-- DATA EXCERPTS --

-- Opening Marker --

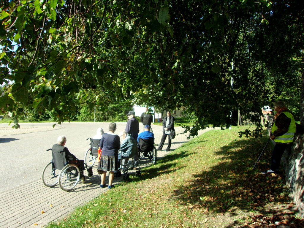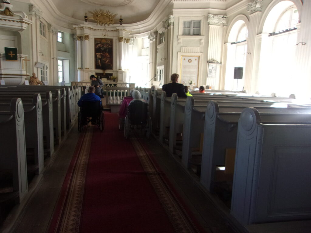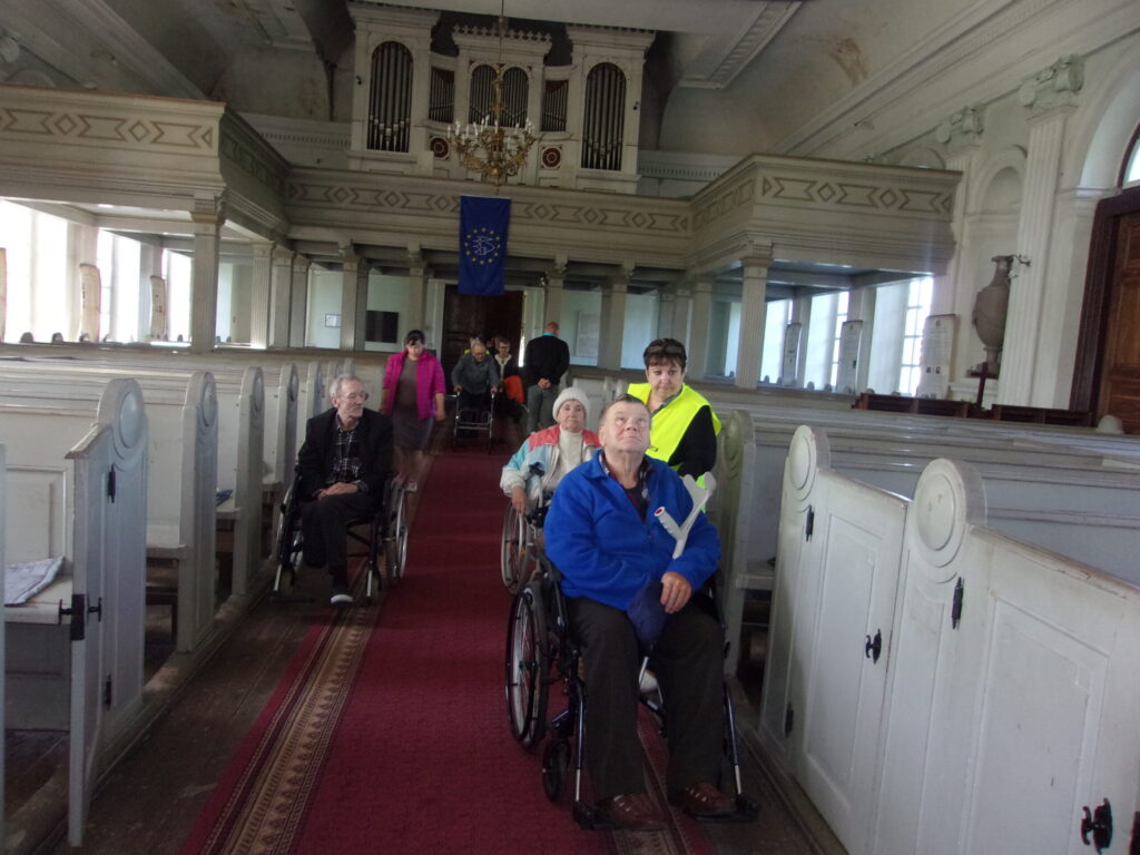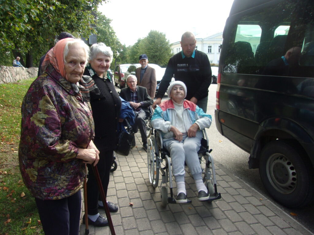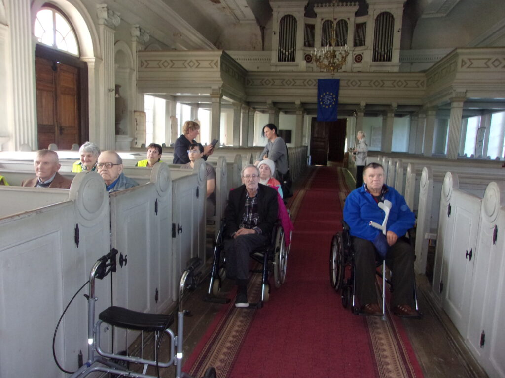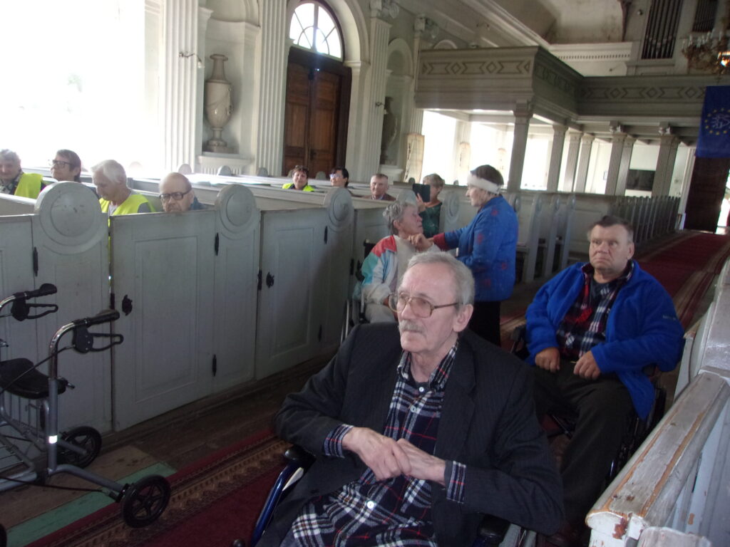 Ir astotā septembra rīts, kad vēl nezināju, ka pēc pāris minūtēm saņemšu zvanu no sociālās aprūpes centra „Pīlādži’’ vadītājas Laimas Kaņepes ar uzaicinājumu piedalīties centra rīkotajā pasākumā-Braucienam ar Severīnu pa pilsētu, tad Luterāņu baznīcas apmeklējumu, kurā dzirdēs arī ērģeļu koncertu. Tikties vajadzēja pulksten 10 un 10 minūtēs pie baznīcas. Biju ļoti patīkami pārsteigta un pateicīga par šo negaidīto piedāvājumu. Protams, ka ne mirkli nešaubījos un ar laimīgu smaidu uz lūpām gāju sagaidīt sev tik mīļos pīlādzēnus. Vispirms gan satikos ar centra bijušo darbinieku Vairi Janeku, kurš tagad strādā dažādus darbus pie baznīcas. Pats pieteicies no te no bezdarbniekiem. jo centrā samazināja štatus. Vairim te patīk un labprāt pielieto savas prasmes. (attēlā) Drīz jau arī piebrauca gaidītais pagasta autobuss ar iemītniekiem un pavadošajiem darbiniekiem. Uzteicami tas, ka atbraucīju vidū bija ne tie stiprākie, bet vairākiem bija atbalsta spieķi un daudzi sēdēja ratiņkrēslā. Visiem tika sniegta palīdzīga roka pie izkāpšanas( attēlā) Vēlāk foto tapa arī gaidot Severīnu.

-- Closing Marker --
-- Opening Marker --

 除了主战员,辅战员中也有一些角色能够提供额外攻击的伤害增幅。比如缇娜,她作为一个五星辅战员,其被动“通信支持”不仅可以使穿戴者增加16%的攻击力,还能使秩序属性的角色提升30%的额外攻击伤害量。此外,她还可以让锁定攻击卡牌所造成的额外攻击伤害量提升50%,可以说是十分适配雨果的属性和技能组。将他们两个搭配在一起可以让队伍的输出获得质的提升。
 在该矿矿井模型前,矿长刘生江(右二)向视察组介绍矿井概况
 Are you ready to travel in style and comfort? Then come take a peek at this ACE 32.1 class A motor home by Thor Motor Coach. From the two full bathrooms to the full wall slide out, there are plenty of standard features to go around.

-- Closing Marker --

Above are the records; print exactly the lines from the line with "除了主战员,辅战员中也有一些" to the line with "Are you ready", including both, and nothing else.

 除了主战员,辅战员中也有一些角色能够提供额外攻击的伤害增幅。比如缇娜,她作为一个五星辅战员,其被动“通信支持”不仅可以使穿戴者增加16%的攻击力,还能使秩序属性的角色提升30%的额外攻击伤害量。此外,她还可以让锁定攻击卡牌所造成的额外攻击伤害量提升50%,可以说是十分适配雨果的属性和技能组。将他们两个搭配在一起可以让队伍的输出获得质的提升。
 在该矿矿井模型前,矿长刘生江(右二)向视察组介绍矿井概况
 Are you ready to travel in style and comfort? Then come take a peek at this ACE 32.1 class A motor home by Thor Motor Coach. From the two full bathrooms to the full wall slide out, there are plenty of standard features to go around.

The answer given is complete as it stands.